# TASK INSTRUCTIONS
Here are the records. Write out exactly the lines between the one holding "Zu den Vorteilen" and the one holding "hak holowniczy, ESP", inclusive.

# SOURCE DATA

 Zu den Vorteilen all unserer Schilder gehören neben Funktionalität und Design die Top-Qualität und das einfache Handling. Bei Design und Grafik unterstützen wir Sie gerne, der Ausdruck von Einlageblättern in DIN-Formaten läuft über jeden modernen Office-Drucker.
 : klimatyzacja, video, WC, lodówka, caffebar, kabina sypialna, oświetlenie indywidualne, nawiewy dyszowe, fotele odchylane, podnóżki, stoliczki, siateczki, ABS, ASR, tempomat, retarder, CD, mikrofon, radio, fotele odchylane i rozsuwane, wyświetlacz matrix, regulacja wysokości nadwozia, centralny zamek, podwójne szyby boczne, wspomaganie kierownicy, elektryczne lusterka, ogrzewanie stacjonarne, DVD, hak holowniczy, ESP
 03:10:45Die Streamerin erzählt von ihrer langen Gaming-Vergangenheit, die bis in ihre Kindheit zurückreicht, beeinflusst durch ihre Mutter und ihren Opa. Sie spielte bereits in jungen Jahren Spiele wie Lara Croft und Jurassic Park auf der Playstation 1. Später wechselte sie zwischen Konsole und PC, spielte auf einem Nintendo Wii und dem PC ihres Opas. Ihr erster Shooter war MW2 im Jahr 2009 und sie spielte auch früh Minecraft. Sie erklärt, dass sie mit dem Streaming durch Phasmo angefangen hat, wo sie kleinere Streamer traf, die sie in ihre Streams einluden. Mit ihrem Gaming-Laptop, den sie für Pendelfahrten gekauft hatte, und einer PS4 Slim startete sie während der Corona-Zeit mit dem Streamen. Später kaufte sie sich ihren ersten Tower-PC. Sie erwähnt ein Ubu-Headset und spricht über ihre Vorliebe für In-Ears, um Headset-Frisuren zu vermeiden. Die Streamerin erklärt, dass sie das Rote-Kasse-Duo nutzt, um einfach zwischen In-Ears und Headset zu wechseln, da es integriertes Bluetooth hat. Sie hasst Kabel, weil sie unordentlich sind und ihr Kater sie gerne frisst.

--

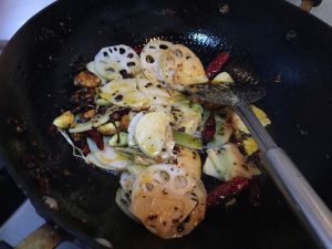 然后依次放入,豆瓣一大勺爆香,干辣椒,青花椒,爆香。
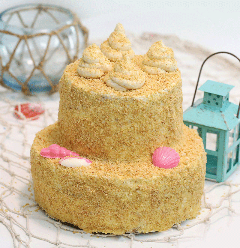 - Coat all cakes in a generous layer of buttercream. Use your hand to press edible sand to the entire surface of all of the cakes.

# RESULT OF THE EXERCISE
 Zu den Vorteilen all unserer Schilder gehören neben Funktionalität und Design die Top-Qualität und das einfache Handling. Bei Design und Grafik unterstützen wir Sie gerne, der Ausdruck von Einlageblättern in DIN-Formaten läuft über jeden modernen Office-Drucker.
 : klimatyzacja, video, WC, lodówka, caffebar, kabina sypialna, oświetlenie indywidualne, nawiewy dyszowe, fotele odchylane, podnóżki, stoliczki, siateczki, ABS, ASR, tempomat, retarder, CD, mikrofon, radio, fotele odchylane i rozsuwane, wyświetlacz matrix, regulacja wysokości nadwozia, centralny zamek, podwójne szyby boczne, wspomaganie kierownicy, elektryczne lusterka, ogrzewanie stacjonarne, DVD, hak holowniczy, ESP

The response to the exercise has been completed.